> TASK DETAILS:
Wherever the string "with" shows up in the data below, copy the whole line.

• • • •

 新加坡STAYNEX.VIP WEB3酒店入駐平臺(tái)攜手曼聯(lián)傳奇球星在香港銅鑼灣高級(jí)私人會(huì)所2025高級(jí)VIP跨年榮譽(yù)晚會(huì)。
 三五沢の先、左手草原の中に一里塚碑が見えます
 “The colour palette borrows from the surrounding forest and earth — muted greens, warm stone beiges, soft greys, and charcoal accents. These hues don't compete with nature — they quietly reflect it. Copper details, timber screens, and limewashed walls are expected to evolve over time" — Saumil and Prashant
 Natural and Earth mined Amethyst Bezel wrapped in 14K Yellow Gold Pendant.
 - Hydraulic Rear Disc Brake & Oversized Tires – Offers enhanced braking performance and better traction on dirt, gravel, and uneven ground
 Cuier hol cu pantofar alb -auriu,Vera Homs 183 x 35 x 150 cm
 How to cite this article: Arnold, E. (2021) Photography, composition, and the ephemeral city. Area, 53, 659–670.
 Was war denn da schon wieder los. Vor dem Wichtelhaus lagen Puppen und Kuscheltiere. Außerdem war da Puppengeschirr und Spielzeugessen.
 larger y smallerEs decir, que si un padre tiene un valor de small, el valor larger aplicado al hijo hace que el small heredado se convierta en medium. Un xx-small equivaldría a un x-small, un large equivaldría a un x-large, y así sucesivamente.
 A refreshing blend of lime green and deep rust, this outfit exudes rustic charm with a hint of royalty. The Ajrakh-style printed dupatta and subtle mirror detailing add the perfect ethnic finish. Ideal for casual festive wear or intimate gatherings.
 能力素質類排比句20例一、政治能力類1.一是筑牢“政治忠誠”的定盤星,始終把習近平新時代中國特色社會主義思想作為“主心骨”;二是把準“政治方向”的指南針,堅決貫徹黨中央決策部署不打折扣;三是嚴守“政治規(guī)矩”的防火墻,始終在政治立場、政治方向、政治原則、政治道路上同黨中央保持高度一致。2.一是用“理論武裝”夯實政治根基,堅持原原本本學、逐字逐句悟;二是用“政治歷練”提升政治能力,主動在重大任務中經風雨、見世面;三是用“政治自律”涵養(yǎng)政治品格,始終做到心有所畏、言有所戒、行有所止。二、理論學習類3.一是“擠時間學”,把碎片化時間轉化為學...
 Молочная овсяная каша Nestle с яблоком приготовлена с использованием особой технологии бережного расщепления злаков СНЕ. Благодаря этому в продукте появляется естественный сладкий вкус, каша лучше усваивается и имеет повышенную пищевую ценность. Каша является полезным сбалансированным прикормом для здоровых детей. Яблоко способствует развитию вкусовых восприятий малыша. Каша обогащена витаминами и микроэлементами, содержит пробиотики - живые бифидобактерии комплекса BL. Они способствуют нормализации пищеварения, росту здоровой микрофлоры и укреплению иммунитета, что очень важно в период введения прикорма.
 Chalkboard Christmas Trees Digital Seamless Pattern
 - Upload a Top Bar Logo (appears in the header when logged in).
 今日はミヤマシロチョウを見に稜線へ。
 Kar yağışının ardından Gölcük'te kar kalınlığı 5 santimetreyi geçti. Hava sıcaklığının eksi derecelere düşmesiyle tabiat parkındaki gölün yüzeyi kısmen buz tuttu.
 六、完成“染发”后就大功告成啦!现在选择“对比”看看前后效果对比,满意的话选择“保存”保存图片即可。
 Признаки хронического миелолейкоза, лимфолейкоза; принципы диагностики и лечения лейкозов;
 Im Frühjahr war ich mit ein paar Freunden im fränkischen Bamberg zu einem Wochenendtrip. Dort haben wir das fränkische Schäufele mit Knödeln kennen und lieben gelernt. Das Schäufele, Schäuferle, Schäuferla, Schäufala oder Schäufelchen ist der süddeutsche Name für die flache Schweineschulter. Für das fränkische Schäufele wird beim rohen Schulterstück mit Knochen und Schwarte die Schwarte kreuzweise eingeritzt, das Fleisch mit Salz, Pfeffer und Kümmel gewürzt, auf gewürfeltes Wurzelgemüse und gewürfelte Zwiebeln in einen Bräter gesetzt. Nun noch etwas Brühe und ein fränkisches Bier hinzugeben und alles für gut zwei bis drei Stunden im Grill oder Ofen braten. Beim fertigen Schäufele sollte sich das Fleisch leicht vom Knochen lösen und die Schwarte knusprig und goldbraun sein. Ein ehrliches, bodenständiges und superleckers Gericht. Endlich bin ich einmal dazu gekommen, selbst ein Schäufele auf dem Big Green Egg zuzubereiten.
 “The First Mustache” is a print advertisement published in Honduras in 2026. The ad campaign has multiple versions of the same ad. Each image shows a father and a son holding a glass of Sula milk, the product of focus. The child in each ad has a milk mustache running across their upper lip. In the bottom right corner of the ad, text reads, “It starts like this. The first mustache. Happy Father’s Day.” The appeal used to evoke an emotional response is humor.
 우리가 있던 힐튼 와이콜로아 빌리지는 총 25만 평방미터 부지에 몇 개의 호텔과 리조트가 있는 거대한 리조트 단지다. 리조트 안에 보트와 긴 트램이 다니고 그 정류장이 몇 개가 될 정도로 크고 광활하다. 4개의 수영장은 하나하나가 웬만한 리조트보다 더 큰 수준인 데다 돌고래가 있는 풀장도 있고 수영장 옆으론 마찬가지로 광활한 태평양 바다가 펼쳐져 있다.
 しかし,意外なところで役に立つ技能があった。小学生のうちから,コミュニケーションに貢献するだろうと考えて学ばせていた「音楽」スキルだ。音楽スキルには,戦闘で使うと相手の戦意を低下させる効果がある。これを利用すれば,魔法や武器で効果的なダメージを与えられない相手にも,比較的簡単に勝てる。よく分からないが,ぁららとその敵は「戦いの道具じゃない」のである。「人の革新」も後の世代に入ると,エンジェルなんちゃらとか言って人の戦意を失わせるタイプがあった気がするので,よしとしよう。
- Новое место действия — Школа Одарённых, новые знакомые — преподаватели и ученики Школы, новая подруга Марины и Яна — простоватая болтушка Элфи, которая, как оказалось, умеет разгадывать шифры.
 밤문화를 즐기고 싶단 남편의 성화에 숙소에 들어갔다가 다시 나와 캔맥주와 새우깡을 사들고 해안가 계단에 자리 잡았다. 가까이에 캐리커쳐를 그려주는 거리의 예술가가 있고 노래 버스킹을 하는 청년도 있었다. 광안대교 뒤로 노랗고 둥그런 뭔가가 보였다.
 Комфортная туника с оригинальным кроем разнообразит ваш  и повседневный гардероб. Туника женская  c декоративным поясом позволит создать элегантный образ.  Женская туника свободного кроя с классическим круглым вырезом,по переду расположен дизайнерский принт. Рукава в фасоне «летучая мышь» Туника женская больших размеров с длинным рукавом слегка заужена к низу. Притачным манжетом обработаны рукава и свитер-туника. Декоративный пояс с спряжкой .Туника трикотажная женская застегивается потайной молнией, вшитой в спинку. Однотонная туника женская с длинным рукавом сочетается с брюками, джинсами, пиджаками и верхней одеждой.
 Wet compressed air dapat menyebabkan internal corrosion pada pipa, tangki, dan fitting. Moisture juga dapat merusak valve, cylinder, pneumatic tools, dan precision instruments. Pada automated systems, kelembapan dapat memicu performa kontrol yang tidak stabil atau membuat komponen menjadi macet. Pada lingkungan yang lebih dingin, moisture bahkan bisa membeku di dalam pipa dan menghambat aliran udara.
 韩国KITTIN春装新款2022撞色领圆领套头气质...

• • • •

> SOLUTION BELOW:
 “The colour palette borrows from the surrounding forest and earth — muted greens, warm stone beiges, soft greys, and charcoal accents. These hues don't compete with nature — they quietly reflect it. Copper details, timber screens, and limewashed walls are expected to evolve over time" — Saumil and Prashant
 A refreshing blend of lime green and deep rust, this outfit exudes rustic charm with a hint of royalty. The Ajrakh-style printed dupatta and subtle mirror detailing add the perfect ethnic finish. Ideal for casual festive wear or intimate gatherings.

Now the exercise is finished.